Records follow. Print exactly the lines from the one that has "這句的發音,以拉丁字母轉寫是:Nu Ninda-an ezzateni" through the one that has "Desde una curva", inclusive, and omit the pictures.

__Given data__.

::::::

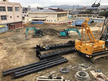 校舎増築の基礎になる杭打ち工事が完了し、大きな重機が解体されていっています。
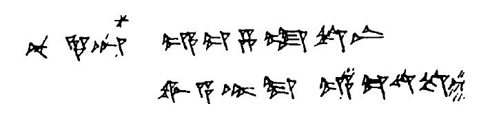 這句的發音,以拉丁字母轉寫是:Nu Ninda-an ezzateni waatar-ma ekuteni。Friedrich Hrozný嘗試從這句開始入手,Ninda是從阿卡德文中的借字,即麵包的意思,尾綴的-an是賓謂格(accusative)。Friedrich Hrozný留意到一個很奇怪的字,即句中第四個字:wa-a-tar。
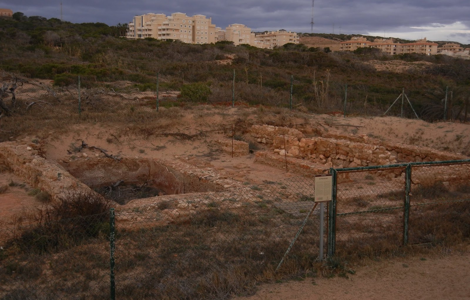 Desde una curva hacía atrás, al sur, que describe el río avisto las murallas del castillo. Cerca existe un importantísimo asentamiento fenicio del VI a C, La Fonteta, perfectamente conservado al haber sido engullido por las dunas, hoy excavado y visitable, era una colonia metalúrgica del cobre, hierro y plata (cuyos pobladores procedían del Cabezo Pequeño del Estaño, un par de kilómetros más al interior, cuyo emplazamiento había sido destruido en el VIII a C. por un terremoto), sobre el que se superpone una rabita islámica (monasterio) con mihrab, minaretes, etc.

::::::

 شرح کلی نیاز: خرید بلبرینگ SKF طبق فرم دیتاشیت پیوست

::::::

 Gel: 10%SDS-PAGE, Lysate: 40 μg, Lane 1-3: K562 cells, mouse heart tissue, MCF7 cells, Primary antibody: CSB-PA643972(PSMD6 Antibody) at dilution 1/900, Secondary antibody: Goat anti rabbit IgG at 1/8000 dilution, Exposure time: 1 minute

::::::

__Your response__.
 這句的發音,以拉丁字母轉寫是:Nu Ninda-an ezzateni waatar-ma ekuteni。Friedrich Hrozný嘗試從這句開始入手,Ninda是從阿卡德文中的借字,即麵包的意思,尾綴的-an是賓謂格(accusative)。Friedrich Hrozný留意到一個很奇怪的字,即句中第四個字:wa-a-tar。
 Desde una curva hacía atrás, al sur, que describe el río avisto las murallas del castillo. Cerca existe un importantísimo asentamiento fenicio del VI a C, La Fonteta, perfectamente conservado al haber sido engullido por las dunas, hoy excavado y visitable, era una colonia metalúrgica del cobre, hierro y plata (cuyos pobladores procedían del Cabezo Pequeño del Estaño, un par de kilómetros más al interior, cuyo emplazamiento había sido destruido en el VIII a C. por un terremoto), sobre el que se superpone una rabita islámica (monasterio) con mihrab, minaretes, etc.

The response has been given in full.